Archivo etiqueta gimnasia rítmica

“Lágrimas por una medalla” y “Mañana lo dejo”: la cara y la cruz del deporte de élite

1996. Juegos Olímpicos de Atlanta. En un período escasamente de una semana el deporte español conquista sus cinco medallas de oro, de un total de 17. La vela, histórico vivero de preseas olímpicas donde los haya, nos dio dos de ellas (Fernando León/J.L. Ballester en Tornado y Theresa Zabell/Begoña Vía Dufresne, en 470); mientras que Miguel Indurain (acompañado en el podium por Abraham Olano) logró, en la prueba contrarreloj de ciclismo, la última de ellas.

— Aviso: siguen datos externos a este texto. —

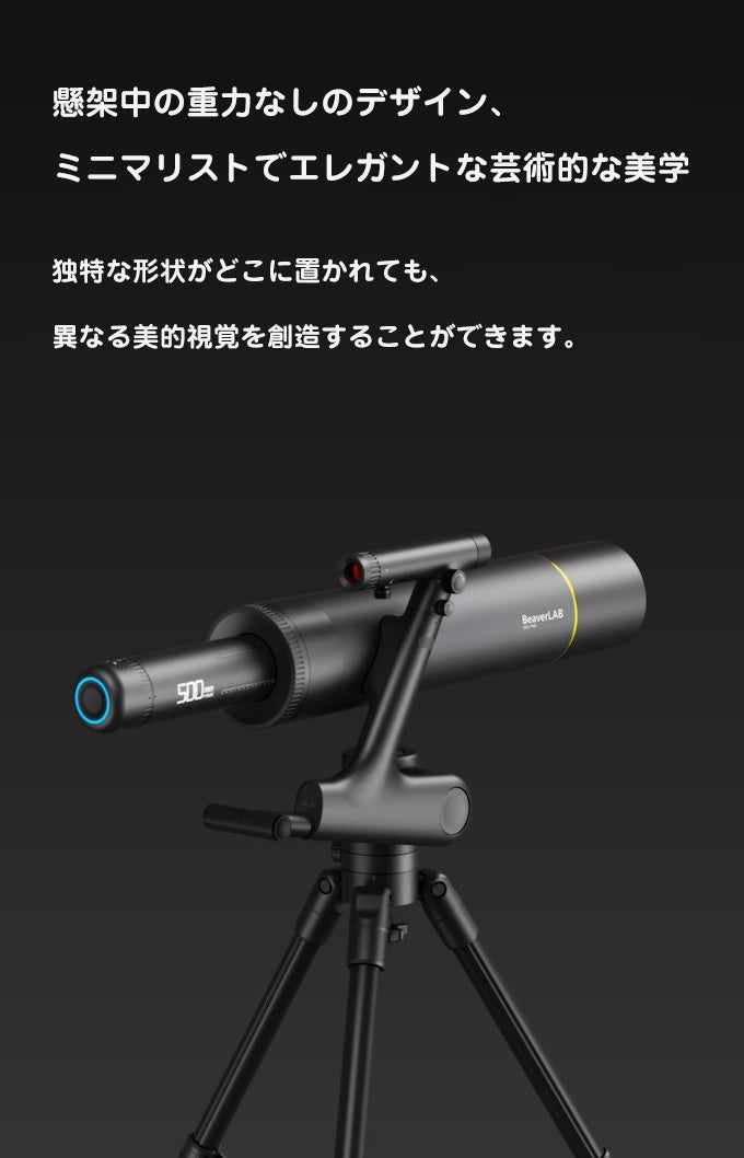 BeaverLABは、スマート顕微鏡「BeaverLAB Pro」で有名になった企業です。重さ500グラムほどで持ち運びに便利でありながらスマートフォンと連動し、最大800倍の倍率でミクロの世界を迫力の映像によって覗き見て、手軽に撮影できるガジェットとして話題になりました。そんなBeaverLABが満を持してリリースした新モデルのスマート天体望遠鏡が、「BeaverLAB Intelligent Astronomical Telescope(DDL-TW1)」です。

Pero, cobrando un cariz muy especial la del gran “Miguelón”, sin duda las que más llegaron al buen aficionado al deporte fueron las otras dos. El casillero de oros lo inauguró uno de los mejores equipos que ha tenido España en toda su historia, el de waterpolo; un conjunto, el capitaneado por Manel Estiarte, al que el triunfo se les había negado sistemáticamente en varias finales de campeonatos internacionales (sobre todo la de Barcelona 92), pero que con aquel oro iniciaron una era de dominio en el waterpolo internacional, con dos mundiales en un período de cinco años.

Y, por otra parte, dos días antes de la clausura, el equipo español de gimnasia rítmica se proclamó campeón olímpico en la primera competición de conjuntos en la historia del olimpismo, tal y como recordamos en este espacio en su momento. Una medalla que este grupo también venía buscando con ahínco desde su formación, en 1994-95, y que también se les había negado por sistema tanto en mundiales como en europeos. Un oro que, además, les hizo convertirse en las campeonas olímpicas españolas más jóvenes de la historia, toda vez que sus edades oscilaban únicamente entre los 15 y los 17 años.

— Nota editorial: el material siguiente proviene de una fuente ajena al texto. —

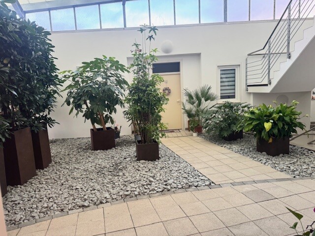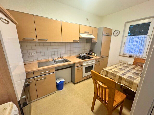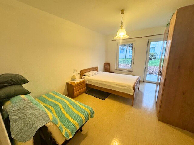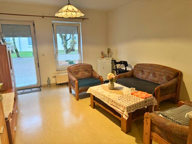 Die Erdgeschosswohnung besteht aus 2 Zimmern (Wohn- und Schlafzimmer), einem barrierefreien Bad, einer gepflegten Einbauküche mit Einbauten sowie einem Abstellraum in der Wohnung. Zusätzlich gehört ein großer Kellerraum im Untergeschoss dazu.

Entre los waterpolistas, además de Estiarte y del portero, Jesús Rollán, destacaba PEDRO “TOTO” GARCÍA, otro de los estandartes de aquella gloriosa generación; mientras que una de las componentes del conjunto de rítmica era la vitoriana TANIA LAMARCA; sí, aquella cuyas lágrimas de emoción mientras sonaba el himno nacional nos llegaron al alma de todos los que estábamos viendo la competición a través de la pequeña pantalla (y que a mí, 15 años después, todavía me siguen conmoviendo cada vez que recuerdo el momento).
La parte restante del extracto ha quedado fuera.